To demo this code out, I decided to look at a simple, very unrealistic problem: take a simple 1D polynomial and watch the algorithm explore for the minimum. I chose this polynomial, shown here courtesy of Wolfram Alpha:

To cut to the chase, here’s the result, as an animated video. Each set of red points mark the locations the algorithm wants to query next, given all black points. Overall, not bad.

## Under the Hood

You can find all the code needed to generate this example (aside from spearmint, that is), in this zip file. Extract it to a subdirectory of your spearmint folder named “simplepoly”.

I used the “spearmint-lite” version of the code, which is the least automated and (IMHO) most understandable of the versions of spearmint available. The gist is that you provide a plain text file “results.dat” that looks like this:

4.68750 0 -1.50000 0.00000 0 0.00000 0.93750 0 1.50000

where the first column is the function value, and the third column is your input “x” value. The second column here is just filler, but can be used by spearmint to estimate *how long* (in seconds) the each function evaluation will take.

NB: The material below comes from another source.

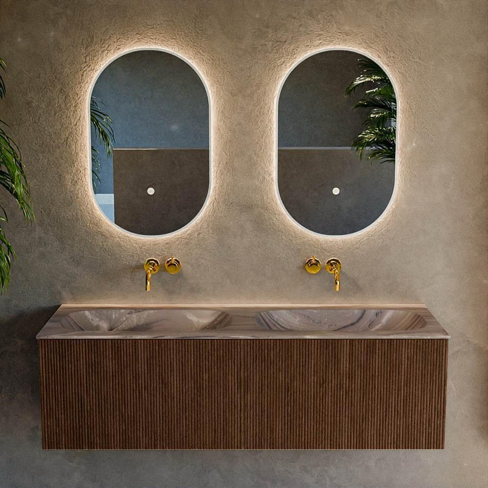 La teinte chaude Walnut apporte immédiatement de l’atmosphère à votre salle de bains et forme un beau contraste avec l’anthracite froid de la vasque. La façade à rainures verticales crée de la profondeur et de la texture, donnant au meuble une allure luxueuse et design sans être criard. Grâce à la couleur bois, ce meuble se combine facilement avec des robinets noirs, du métal brossé ou au contraire avec des carreaux blancs et clairs. Vous créez ainsi facilement une base calme et harmonieuse que vous trouverez belle pendant des années, même si vous changez d’accessoires ou de couleurs d’accent.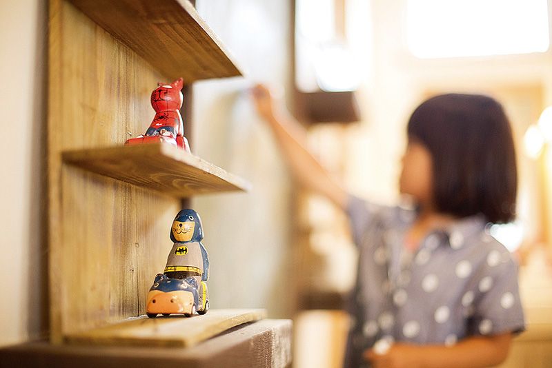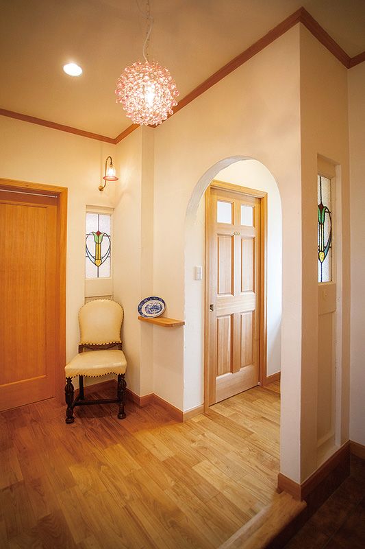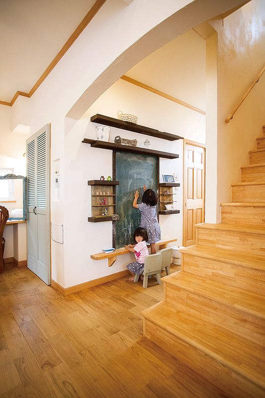 造形モルタルにエイジングを施し、程よくシャビーな外構がステキなNさま邸。住宅建築研究所の家の基礎や構造の確かさに惚れた、奥さまのお母さまの後押しでご夫妻と日野さんを引き合わせた。邸内にはそんなお母さまから贈られた家具やテーブルウエアがディスプレイされており、新築でありながら時間をまとったかのような風格を漂わせている。幼い娘さんたちの成長を見守れるように、1階にはいろいろな機能をもつ大空間のLDKを用意。その一角には壁に黒板を取り付けており、お子さんたちはママやパパに見守られつつ、大好きなお絵描きを楽しんでいる。ステンドグラスやアンティークのドアなど、古き良きものを巧みに取り入れるアイデアもお手本にしたい。2階のフリースペースには1階の気配がうかがえるようにアイアンの開放を設け、家族がどの場所にいてもゆるやかなつながりを感じられる。

You then ask spearmint where to evaluate next, via “python spearmint-lite.py –n=3”, and it will add 3 lines to “results.data” that indicate the three “pending” input points it deems the best to fill in next, under the chosen acquisition function (here this is expected improvement).

4.68750 0 -1.50000 0.00000 0 0.00000 0.93750 0 1.50000 P P 0.571008983601 P P -0.3486328125 P P 0.1845703125

That’s it. I’ve wrapped the whole process up in a bash script, that goes through 10 iterations of the two-step pattern (1) ask spearmint what 3 points to query next, (2) evaluate function at those points. Spearmint wants to have optimization problem located in a subdirectory relative to the main code, so that explains the cd-ing back and forth. I also force the optimization to “start fresh” with an original set of 3 input/output pairs in “orig_results.dat”.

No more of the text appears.